Armageddons can of course happen, but it's an unlikely scenario to put it mildly.
Anyone remember Lehman Brothers, or Royal Bank of Scotland near failure with over US$3T in assets under management, just as a few examples? This was only back in 2007/08. Let's not forget history. In comparison, RBC and TD only have about US$1.4T in assets.
To each their own but don't rest on your laurels.
11:14 am
March 30, 2017
smayer97 said
mordko said
That's fear-mongering. Questrade was established in 99 and is a solid business.
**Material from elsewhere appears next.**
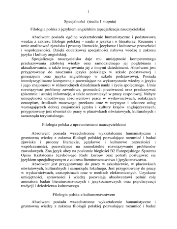 1 Specjalności (studia 1 stopnia) Filologia polska z językiem angielskim (specjalizacja nauczycielska) Absolwent posiada ogólne wykształcenie humanistyczne i podstawową wiedzę z zakresu filologii polskiej – nauki o języku i o literaturze. Rozumie i umie analizować zjawiska i procesy literackie, językowe i kulturowe przeszłości i współczesności. Dzięki dodatkowej specjalności nabywa wiedzę z zakresu języka i kultury angielskiej. Specjalizacja nauczycielska daje mu umiejętność kompetentnego przekazywania zdobytej wiedzy oraz samodzielnego jej pogłębiania i aktualizowania, a także integrowania jej z innymi dziedzinami. Absolwent jest przygotowany do nauczania języka polskiego w szkole podstawowej i gimnazjum oraz języka angielskiego w szkole podstawowej. Posiada interdyscyplinarne kompetencje pozwalające na wykorzystanie wiedzy o języku i jego znajomości w różnorodnych dziedzinach nauki i życia społecznego. Umie rozwiązywać problemy zawodowe, gromadzić, przetwarzać oraz przekazywać (pisemnie i ustnie) informacje, a także uczestniczyć w pracy zespołowej. Nabyte umiejętności umożliwiają absolwentowi pracę w wydawnictwach, redakcjach czasopism, środkach masowego przekazu oraz w turystyce i sektorze usług wymagających dobrej znajomości języka i kultury krajów anglojęzycznych; przygotowany jest również do pracy w placówkach oświatowych, kulturalnych i samorządu terytorialnego. Filologia polska z uprawnieniami nauczycielskimi Absolwent posiada wszechstronne wykształcenie humanistyczne i gruntowną wiedzę z zakresu filologii polskiej pozwalające rozumieć i badać zjawiska i procesy literackie, językowe i kulturowe przeszłości i współczesności, pozwalające na samodzielne rozwiązywanie problemów zawodowych. Zna język obcy na poziomie biegłości B2 Europejskiego Systemu Opisu Kształcenia Językowego Rady Europy oraz potrafi posługiwać się językiem specjalistycznym z zakresu literaturoznawstwa i językoznawstwa. Absolwent jest przygotowany do pracy w szkolnictwie, w placówkach oświatowych, kulturalnych i samorządu lokalnego. Jest przygotowany do pracy w wydawnictwach, czasopismach oraz w mediach elektronicznych. Uzyskane umiejętności, sprawności i wiedzą pozwalają absolwentowi pełnić rolę animatora badań literaturoznawczych i językoznawczych oraz popularyzacji tradycji i dziedzictwa kulturowego. Filologia polska z kulturoznawstwem Absolwent posiada wszechstronne wykształcenie humanistyczne i gruntowną wiedzę z zakresu filologii polskiej pozwalające rozumieć i badać 2 zjawiska i procesy literackie, językowe i kulturowe przeszłości i współczesności. Potrafi samodzielnie rozwiązywać problemy zawodowe. Dzięki nowym treściom kształcenia z zakresu specjalności kulturoznawczej zdobędzie on dodatkową wiedzę i umiejętności przydatne w pracy szkolnej do prowadzenia zajęć z wiedzy o kulturze. Specjalność ta umożliwi mu także podjęcie pracy w charakterze animatora i organizatora życia kulturalnego w lokalnym środowisku. Absolwent zna język obcy na poziomie biegłości B2 Europejskiego Systemu Opisu Kształcenia Językowego Rady Europy oraz umie posługiwać się językiem specjalistycznym z zakresu literaturoznawstwa, językoznawstwa i kulturoznawstwa. Potrafi samodzielnie gromadzić oraz przetwarzać informacje, posługuje się technologia informacyjną, wykorzystując ją w pracy zawodowej. Absolwent jest przygotowany do pracy w szkolnictwie (po uzyskaniu uprawnień pedagogicznych), w placówkach kulturalnych, oświatowych i samorządu lokalnego, w wydawnictwach i czasopismach. Uzyskane umiejętności, sprawności i wiedza pozwalają absolwentowi pełnić rolę animatora badań literaturoznawczych i językoznawczych oraz popularyzacji tradycji i dziedzictwo kulturowego. Filologia polska z dziennikarstwem Absolwent posiada wszechstronne wykształcenie humanistyczne i gruntowna wiedzę z zakresu filologii polskiej pozwalające rozumieć i badać zjawiska i procesy literackie, językowe i kulturowe przeszłości i współczesności, umożliwiające samodzielne rozwiązywanie problemów zawodowych. Ma opanowany język obcy na poziomie biegłości B2 Europejskiego Systemu Opisu Kształcenia Językowego Rady Europy oraz umie posługiwać się terminologią naukową z zakresu literaturoznawstwa i językoznawstwa. Potrafi samodzielnie gromadzić i przetwarzać informacje, poszerzać swoją wiedzę oraz rozwiązywać problemy zawodowe. Absolwent jest przygotowany do pracy w placówkach oświatowych, kulturalnych i samorządu lokalnego. Student jest przygotowany do pracy w mediach i w wydawnictwach. Uzyskane umiejętności, sprawności i wiedza pozwalają absolwentowi pełnić rolę animatora badań literaturoznawczych i językoznawczych oraz popularyzacji tradycji i dziedzictwa kulturowego. Filologia polska z wiedzą o kulturze (specjalizacja nauczycielska) Absolwent posiada wszechstronne wykształcenie humanistyczne i gruntowną wiedzę z zakresu filologii polskiej, pozwalające zrozumieć i badać zjawiska i procesy literackie, językowe i kulturowe przeszłości i współczesności. Posiada wiedzę i umiejętności pozwalające na samodzielne rozwiązywanie problemów zawodowych. 3 Absolwent jest przygotowany do pracy w szkolnictwie do nauczania języka polskiego i wiedzy o kulturze. Może podjąć pracę w placówkach oświatowych, kulturalnych i samorządu lokalnego, w wydawnictwach, w czasopismach oraz w mediach elektronicznych. Uzyskane umiejętności, sprawności i wiedza pozwalają absolwentowi pełnić rolę animatora badań literaturoznawczych i językoznawczych oraz popularyzacji tradycji i dziedzictwa kulturowego. Specjalności (studia drugiego stopnia)

Suggesting that it's an “adventure” is a really, really poor choice of words without any basis.Brokerages rarely fail, when they do someone else would likely buy the company for its assets and the insurance is there largely to deal with the cost of bankruptcy which is likely to be small.
Armageddons can of course happen, but it's an unlikely scenario to put it mildly.
Anyone remember Lehman Brothers, or Royal Bank of Scotland near failure with over US$3T in assets under management, just as a few examples? This was only back in 2007/08. Let's not forget history. In comparison, RBC and TD only have about US$1.4T in assets.
To each their own but don't rest on your laurels.
Yup, during that time, CIBC was under severe stress as well given its exposure to subprime. Even TD was offering bonds yielding close to 9-10%, if you were ball enough to buy their stocks and debt, you are laughing to the bank 🙂
But assets under management does not mean much, its always liquidity and financial counterparties unwilling to deal with the name any more that brings a bank down quickly.
1:21 pm
August 30, 2023
But we have to keep our Cash somewhere either a Bank or CU or a Brokerage I guess. Within CIPF or CDIC limits or just the Big 5 Banks.
Do you have any idea where the Ultra rich keep their CASH. I don't think they have any other options either but get more private insurance.
I am excluding Real Estate etc. here and only talking about CASH.
Please share options you use besides the above to avoid what you stated below.
"Anyone remember Lehman Brothers, or Royal Bank of Scotland near failure with over US$3T in assets under management, just as a few examples? This was only back in 2007/08. Let's not forget history. In comparison, RBC and TD only have about US$1.4T in assets."